• _What you need to do_: Each line of the data is to be output verbatim, with the images removed.

• _Supplied material_:
● ● ● ●
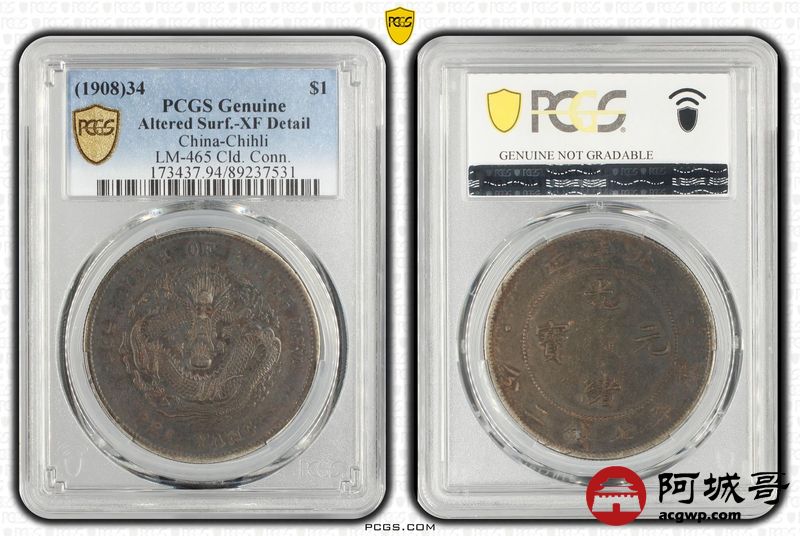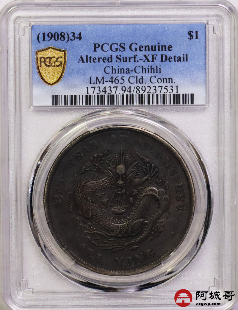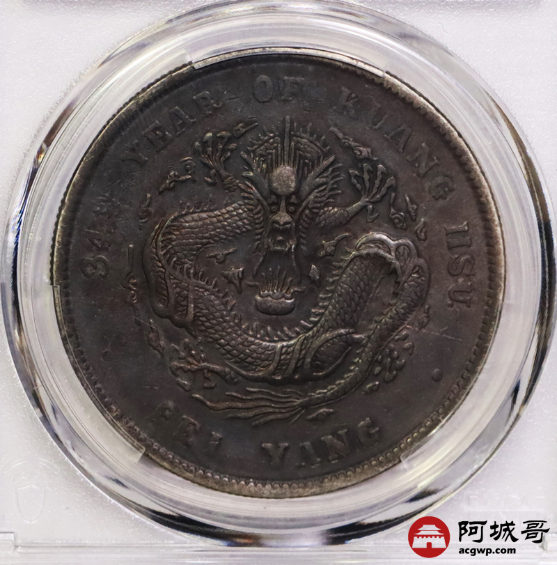 Lot:15 深打 满龙鳞酱黑彩 北洋34七钱二分 PCGS XF
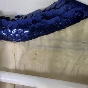 Color/Pattern: Navy blue, silver, and off-white sequins in horizontal stripes
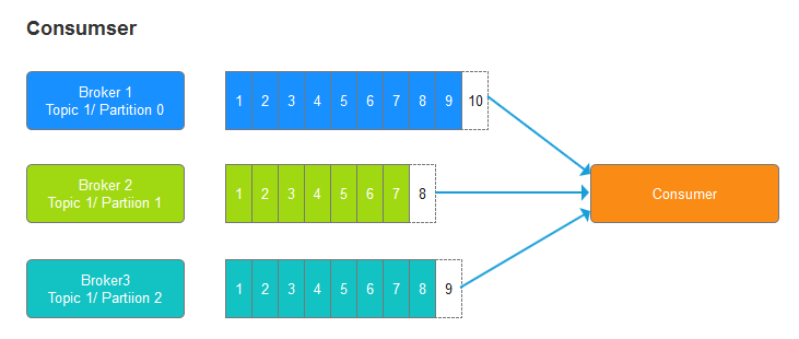 Consume用于从Topic中读取数据。和Producer类似,只需要连接到集群中的任意一个节点,并指定Topic的名称,Kafka会自动处理从正确的Broker和Partition中提取数据发给Consumer。
● ● ● ●
• _Output for this exercise_:
 Lot:15 深打 满龙鳞酱黑彩 北洋34七钱二分 PCGS XF
 Color/Pattern: Navy blue, silver, and off-white sequins in horizontal stripes
 Consume用于从Topic中读取数据。和Producer类似,只需要连接到集群中的任意一个节点,并指定Topic的名称,Kafka会自动处理从正确的Broker和Partition中提取数据发给Consumer。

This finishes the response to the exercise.